В своё время я прочитала массу книг, посвященных изменам, видела и анализировала картины, затрагивающие тему человеческого предательства и всё равно, когда дело коснулось родного человека, была готова рвать и метать, а при случае расцарапать лицо «моральному уроду», «лиходею», словами бабушки. Правда, скорей всего, мне бы удалось только пропищать, как тощему котёнку, но я бы попыталась. Обязательно!
— И почему я такая невезучая?.. — вздохнула мама и застучала ложкой по тарелке.
— Везучая — невезучая, а жить как-то надо, — услышала я бабушкин ответ. — Я вот что думаю, надо машину, которую Фёдор Илве подарил, продать и квартирку прикупить.
— Вернула бы ты эту машину, — фыркнула мама. — Зачем взяла?
— Подарил, значит, ему не нужно. А чего же не взять, коли дают, — степенно ответила бабуля.
— Илва теперь думает, что у него всё серьёзно… а он — копия папаши! Подавится машиной этой, будь она неладна!

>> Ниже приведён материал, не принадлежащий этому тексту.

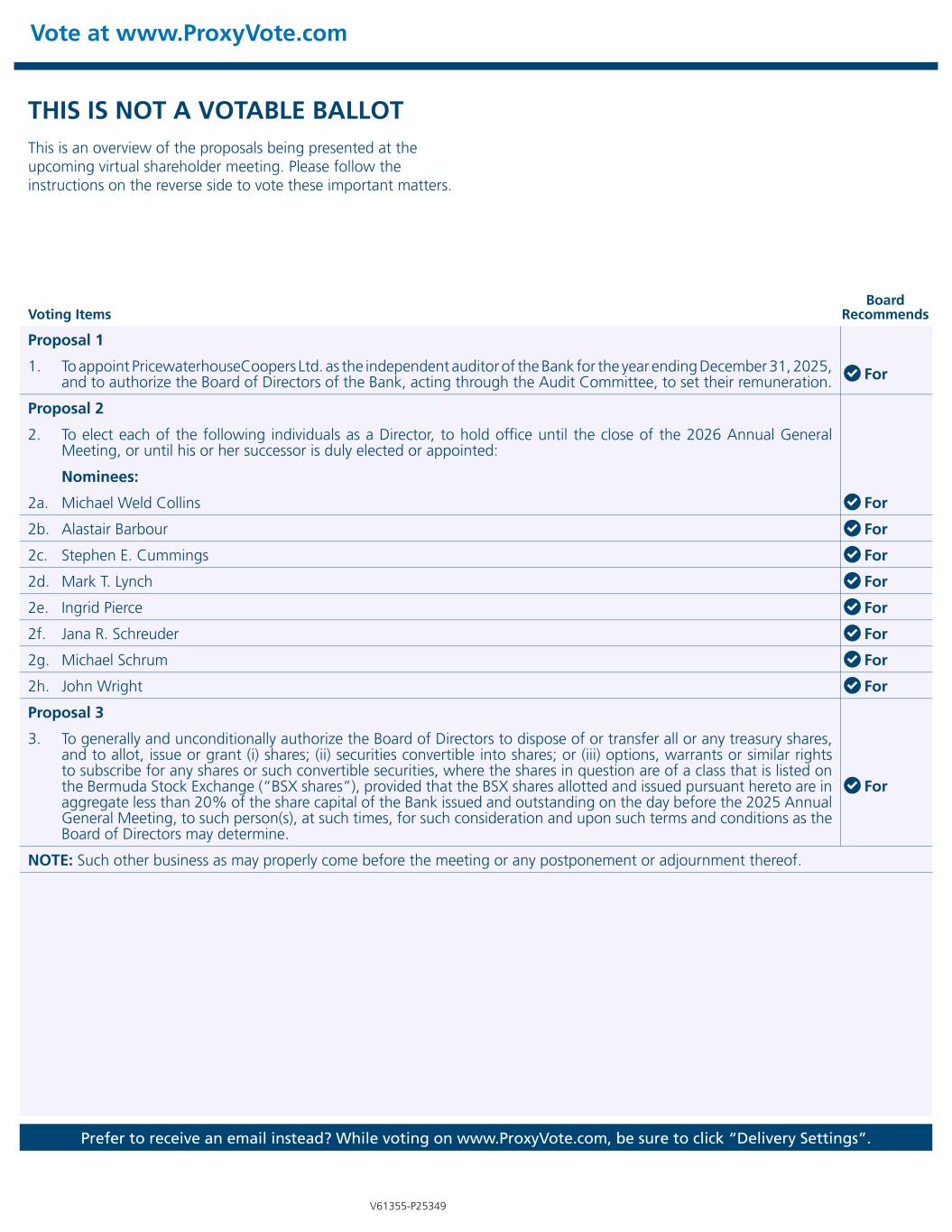 THIS IS NOT A VOTABLE BALLOT This is an overview of the proposals being presented at the upcoming virtual shareholder meeting. Please follow the instructions on the reverse side to vote these important matters. Vote at www.ProxyVote.com Prefer to receive an email instead? While voting on www.ProxyVote.com, be sure to click “Delivery Settings”. Voting Items Board Recommends V61355-P25349 Proposal 1 1. To appoint PricewaterhouseCoopers Ltd. as the independent auditor of the Bank for the year ending December 31, 2025, and to authorize the Board of Directors of the Bank, acting through the Audit Committee, to set their remuneration. For Proposal 2 2. To elect each of the following individuals as a Director, to hold office until the close of the 2026 Annual General Meeting, or until his or her successor is duly elected or appointed: Nominees: 2a. Michael Weld Collins For 2b. Alastair Barbour For 2c. Stephen E. Cummings For 2d. Mark T. Lynch For 2e. Ingrid Pierce For 2f. Jana R. Schreuder For 2g. Michael Schrum For 2h. John Wright For Proposal 3 3. To generally and unconditionally authorize the Board of Directors to dispose of or transfer all or any treasury shares, and to allot, issue or grant (i) shares; (ii) securities convertible into shares; or (iii) options, warrants or similar rights to subscribe for any shares or such convertible securities, where the shares in question are of a class that is listed on the Bermuda Stock Exchange (“BSX shares”), provided that the BSX shares allotted and issued pursuant hereto are in aggregate less than 20% of the share capital of the Bank issued and outstanding on the day before the 2025 Annual General Meeting, to such person(s), at such times, for such consideration and upon such terms and conditions as the Board of Directors may determine. For NOTE: Such other business as may properly come before the meeting or any postponement or adjournment thereof.

— Илва твоя вообще думать не умеет, вся в тебя пошла, бестолочь! — огрызнулась бабушка. — Оно, конечно, несерьёзно. Кто серьёзного ждёт от оглоеда этого похотливого? Нашёл новую игрушку и играется. Видать, совсем опротивели стоящие бабы, раз на нашу роток раззявил…
— Что ты такое говоришь? Можно подумать, Илва — не стоящая.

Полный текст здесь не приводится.